■ What is expected ■
Skip any pictures. Repeat the data exactly, from its first line through the line that holds "Oración vocacional enero", both included.

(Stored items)
════════════════════
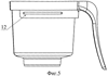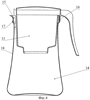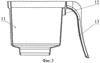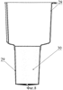 По третьему варианту приемная емкость 19 (воронка) вставляется в держатель 20, состоящий из элемента крепления 21 ручки и самой ручки 22 (фиг.7) и затем в емкость для очищенной жидкости 23 (фиг.6). В контейнере, выполненном по третьему варианту (фиг.6), емкость для очищенной жидкости 23 представляет собой конструкцию, аналогичную предыдущим (24 – верхняя часть емкости для очищенной жидкости, выполненная методом литья под давлением, 25 – горловина верхней части емкости для очищенной воды, 26 – средство для обеспечения упрочнения горловины 25, 27 – корпус емкости для очищенной воды, выполненный методом раздува).
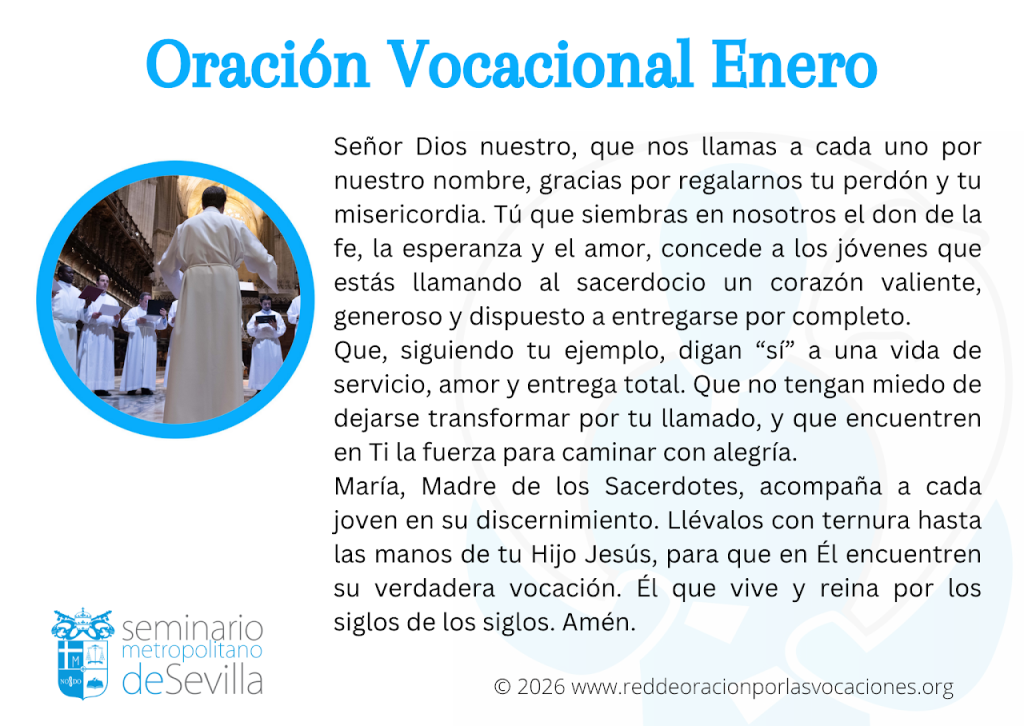 Oración vocacional enero Archidiocesis Noticias Oraciónenero 1, 2026 luisjnet Comparte esto:Tweet Descubre más desde Parroquia Nuestra Señora del Mar (Sevilla) Suscríbete y recibe las últimas entradas en tu correo electrónico. Escribe tu correo electrónico… Suscribirse
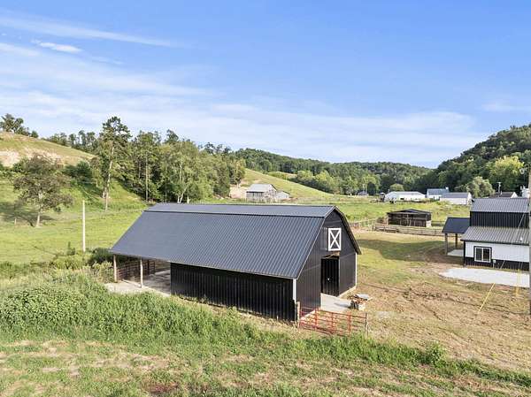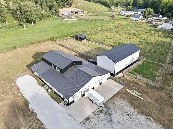 Welcome to this spacious 4-Bedroom (with potential for a 5th or office space) , 3-bathroom barndominium that blends modern comfort with rural charm. Inside, you'll find features like custom cabinetry, double ovens and a nice walk in pantry with counter space, a striking staircase. 2 bedrooms with their own bathrooms downstairs and 2 bedrooms with a "jack and Jill" bathroom upstairs. 4-car attached garage with lost storage offering both functionality and style and an unfinished space with electric ran to make it whatever you are dreaming of! This property is a dream for those looking to homestead or expand their farming operation, featuring 30x50 barn, 24x30 barn, 12x40 machine shed, 36x60 horse barn with stalls, 12x24 run-in shed. With multiple fenced areas already in place, this 12+/- acre farm is perfectly set up for livestock of all kinds. Whether you're raising horses, cattle, or goats or simply wanting the space to live more self-sustainably, this property is ready to accommodate your vision.
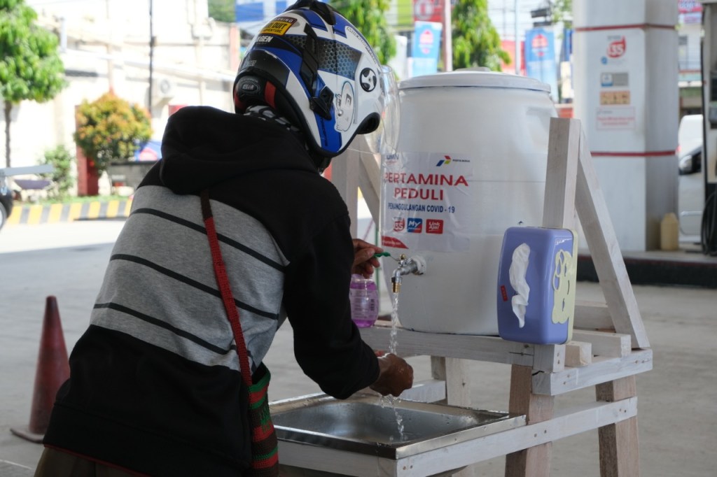 Jayapura (KPN), 27 Maret 2020 – PT Pertamina (Persero) melalui Marketing Operation Region (MOR) VIII melakukan upaya antisipasi guna mencegah penyebaran Coronavirus Disease (COVID-19) yang kian meningkat dengan penyediaan total 11 tandon cuci tangan dan melakukan penyemprotan disinfektan di area SPBU temasuk gerbang, toilet, ruang kerja serta fasilitas anjungan ATM yang tersedia di SPBU Kota Jayapura pada Jumat (27/03).
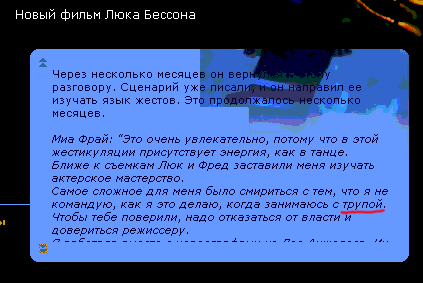 Вот такая она, Миа Фрай, некрофилка. Причем не просто мучает несчастную трупу (я так понял, что это труп женского рода), а еще ею и командует. Правильно Бессон Миу заставил в фильме замолчать. А то черт ее знает, сколько трупов было бы на съемках "Дансера".
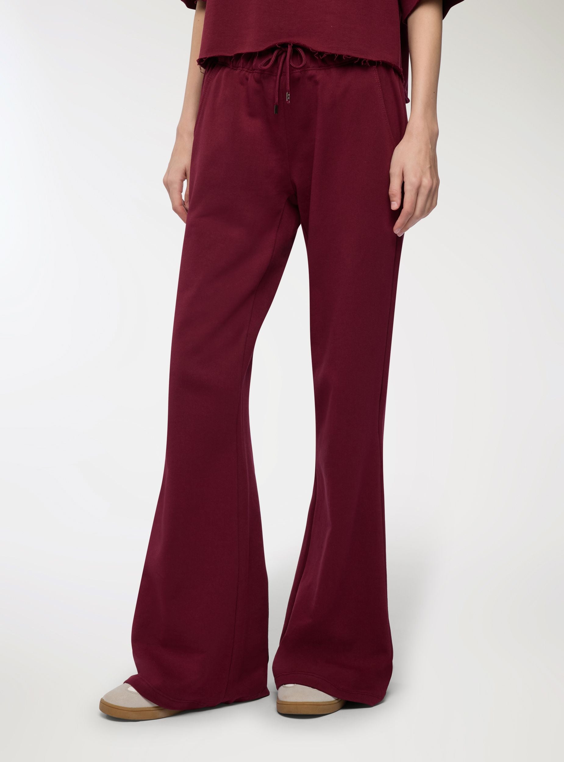 Pantaloni tuta da donna dal design a zampa, ideali per il tempo libero e look casual. Vita con coulisse regolabile e tasche laterali a filetto per praticità. Lunghezza alla caviglia e vestibilità regular che valorizza la linea senza costringere. Perfetti con felpe o magliette e sneakers per outfit comodi, oppure con cardigan e top per un tocco rilassato ma curato. Tessuto leggero a tinta unita.
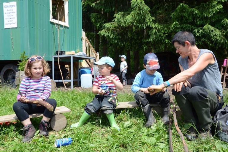 (ty) Wer auch nur kurz im Waldkindergarten von Ilmmünster vorbeischaut, der kann sich schnell davon überzeugen, dass hier immer was los ist. Da wird gebastelt und gebaut, gemalt, gespielt und gelernt. Heute wurde zudem geschnitzt und gefilzt. Im Rahmen der „Woche des Waldes“, die heuer vom zuständigen bayerischen Ministerium unter das Motto „Kunst im Wald“ gestellt wurde, war nämlich Annette Walter zu Gast bei den Buben und Mädchen. Sie ist Försterin und Bildungsbeauftragte des Pfaffenhofener Amts für Ernährung, Landwirtschaft und Forsten (AELF) und begleitete eine Aktion zum kreativen Gestalten.
════════════════════
■ Written solution ■
 По третьему варианту приемная емкость 19 (воронка) вставляется в держатель 20, состоящий из элемента крепления 21 ручки и самой ручки 22 (фиг.7) и затем в емкость для очищенной жидкости 23 (фиг.6). В контейнере, выполненном по третьему варианту (фиг.6), емкость для очищенной жидкости 23 представляет собой конструкцию, аналогичную предыдущим (24 – верхняя часть емкости для очищенной жидкости, выполненная методом литья под давлением, 25 – горловина верхней части емкости для очищенной воды, 26 – средство для обеспечения упрочнения горловины 25, 27 – корпус емкости для очищенной воды, выполненный методом раздува).
 Oración vocacional enero Archidiocesis Noticias Oraciónenero 1, 2026 luisjnet Comparte esto:Tweet Descubre más desde Parroquia Nuestra Señora del Mar (Sevilla) Suscríbete y recibe las últimas entradas en tu correo electrónico. Escribe tu correo electrónico… Suscribirse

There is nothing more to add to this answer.